Segment Open

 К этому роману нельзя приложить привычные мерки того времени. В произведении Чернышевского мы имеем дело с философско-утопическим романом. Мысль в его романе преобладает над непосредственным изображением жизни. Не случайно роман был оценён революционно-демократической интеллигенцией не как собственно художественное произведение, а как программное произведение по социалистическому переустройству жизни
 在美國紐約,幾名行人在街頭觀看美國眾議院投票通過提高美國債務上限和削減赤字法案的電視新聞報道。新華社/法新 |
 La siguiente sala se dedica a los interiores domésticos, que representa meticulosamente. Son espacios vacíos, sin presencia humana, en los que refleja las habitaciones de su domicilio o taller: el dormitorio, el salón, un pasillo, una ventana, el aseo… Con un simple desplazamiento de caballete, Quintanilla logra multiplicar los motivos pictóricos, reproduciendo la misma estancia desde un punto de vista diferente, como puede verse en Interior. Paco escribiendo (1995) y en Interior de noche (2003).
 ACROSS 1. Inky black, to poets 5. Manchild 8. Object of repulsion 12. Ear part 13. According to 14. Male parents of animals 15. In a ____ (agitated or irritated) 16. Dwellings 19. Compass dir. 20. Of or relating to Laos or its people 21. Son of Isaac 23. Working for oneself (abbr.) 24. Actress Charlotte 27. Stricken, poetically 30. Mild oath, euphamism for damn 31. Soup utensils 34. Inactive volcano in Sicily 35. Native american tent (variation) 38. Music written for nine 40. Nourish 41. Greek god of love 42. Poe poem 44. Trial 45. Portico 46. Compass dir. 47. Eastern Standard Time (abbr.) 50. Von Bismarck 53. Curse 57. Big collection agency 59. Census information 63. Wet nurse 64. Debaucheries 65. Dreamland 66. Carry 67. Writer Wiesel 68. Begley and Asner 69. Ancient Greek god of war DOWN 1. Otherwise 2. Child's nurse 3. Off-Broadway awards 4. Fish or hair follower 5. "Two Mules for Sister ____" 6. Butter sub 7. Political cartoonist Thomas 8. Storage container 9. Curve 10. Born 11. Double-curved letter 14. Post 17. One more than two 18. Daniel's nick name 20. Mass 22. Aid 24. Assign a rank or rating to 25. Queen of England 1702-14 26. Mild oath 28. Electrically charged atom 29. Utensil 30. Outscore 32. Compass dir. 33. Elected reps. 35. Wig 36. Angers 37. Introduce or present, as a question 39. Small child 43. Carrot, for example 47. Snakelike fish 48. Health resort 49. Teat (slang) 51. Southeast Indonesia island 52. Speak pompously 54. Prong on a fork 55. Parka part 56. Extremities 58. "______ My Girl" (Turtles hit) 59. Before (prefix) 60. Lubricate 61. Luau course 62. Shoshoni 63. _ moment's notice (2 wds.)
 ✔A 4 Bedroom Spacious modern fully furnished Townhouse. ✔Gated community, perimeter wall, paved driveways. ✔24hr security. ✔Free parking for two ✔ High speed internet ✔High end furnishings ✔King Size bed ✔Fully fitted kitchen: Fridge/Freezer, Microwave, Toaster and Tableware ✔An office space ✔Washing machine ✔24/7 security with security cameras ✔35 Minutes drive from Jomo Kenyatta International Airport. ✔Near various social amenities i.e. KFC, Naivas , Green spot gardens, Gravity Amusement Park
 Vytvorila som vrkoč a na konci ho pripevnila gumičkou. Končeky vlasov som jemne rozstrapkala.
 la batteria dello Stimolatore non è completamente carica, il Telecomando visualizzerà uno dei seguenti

Segment Closed

■ **What to produce**: Reproduce the lines above. Leave each one as it is.

■ **Response below**:
 К этому роману нельзя приложить привычные мерки того времени. В произведении Чернышевского мы имеем дело с философско-утопическим романом. Мысль в его романе преобладает над непосредственным изображением жизни. Не случайно роман был оценён революционно-демократической интеллигенцией не как собственно художественное произведение, а как программное произведение по социалистическому переустройству жизни
 在美國紐約,幾名行人在街頭觀看美國眾議院投票通過提高美國債務上限和削減赤字法案的電視新聞報道。新華社/法新 |
 La siguiente sala se dedica a los interiores domésticos, que representa meticulosamente. Son espacios vacíos, sin presencia humana, en los que refleja las habitaciones de su domicilio o taller: el dormitorio, el salón, un pasillo, una ventana, el aseo… Con un simple desplazamiento de caballete, Quintanilla logra multiplicar los motivos pictóricos, reproduciendo la misma estancia desde un punto de vista diferente, como puede verse en Interior. Paco escribiendo (1995) y en Interior de noche (2003).
 ACROSS 1. Inky black, to poets 5. Manchild 8. Object of repulsion 12. Ear part 13. According to 14. Male parents of animals 15. In a ____ (agitated or irritated) 16. Dwellings 19. Compass dir. 20. Of or relating to Laos or its people 21. Son of Isaac 23. Working for oneself (abbr.) 24. Actress Charlotte 27. Stricken, poetically 30. Mild oath, euphamism for damn 31. Soup utensils 34. Inactive volcano in Sicily 35. Native american tent (variation) 38. Music written for nine 40. Nourish 41. Greek god of love 42. Poe poem 44. Trial 45. Portico 46. Compass dir. 47. Eastern Standard Time (abbr.) 50. Von Bismarck 53. Curse 57. Big collection agency 59. Census information 63. Wet nurse 64. Debaucheries 65. Dreamland 66. Carry 67. Writer Wiesel 68. Begley and Asner 69. Ancient Greek god of war DOWN 1. Otherwise 2. Child's nurse 3. Off-Broadway awards 4. Fish or hair follower 5. "Two Mules for Sister ____" 6. Butter sub 7. Political cartoonist Thomas 8. Storage container 9. Curve 10. Born 11. Double-curved letter 14. Post 17. One more than two 18. Daniel's nick name 20. Mass 22. Aid 24. Assign a rank or rating to 25. Queen of England 1702-14 26. Mild oath 28. Electrically charged atom 29. Utensil 30. Outscore 32. Compass dir. 33. Elected reps. 35. Wig 36. Angers 37. Introduce or present, as a question 39. Small child 43. Carrot, for example 47. Snakelike fish 48. Health resort 49. Teat (slang) 51. Southeast Indonesia island 52. Speak pompously 54. Prong on a fork 55. Parka part 56. Extremities 58. "______ My Girl" (Turtles hit) 59. Before (prefix) 60. Lubricate 61. Luau course 62. Shoshoni 63. _ moment's notice (2 wds.)
 ✔A 4 Bedroom Spacious modern fully furnished Townhouse. ✔Gated community, perimeter wall, paved driveways. ✔24hr security. ✔Free parking for two ✔ High speed internet ✔High end furnishings ✔King Size bed ✔Fully fitted kitchen: Fridge/Freezer, Microwave, Toaster and Tableware ✔An office space ✔Washing machine ✔24/7 security with security cameras ✔35 Minutes drive from Jomo Kenyatta International Airport. ✔Near various social amenities i.e. KFC, Naivas , Green spot gardens, Gravity Amusement Park
 Vytvorila som vrkoč a na konci ho pripevnila gumičkou. Končeky vlasov som jemne rozstrapkala.
 la batteria dello Stimolatore non è completamente carica, il Telecomando visualizzerà uno dei seguenti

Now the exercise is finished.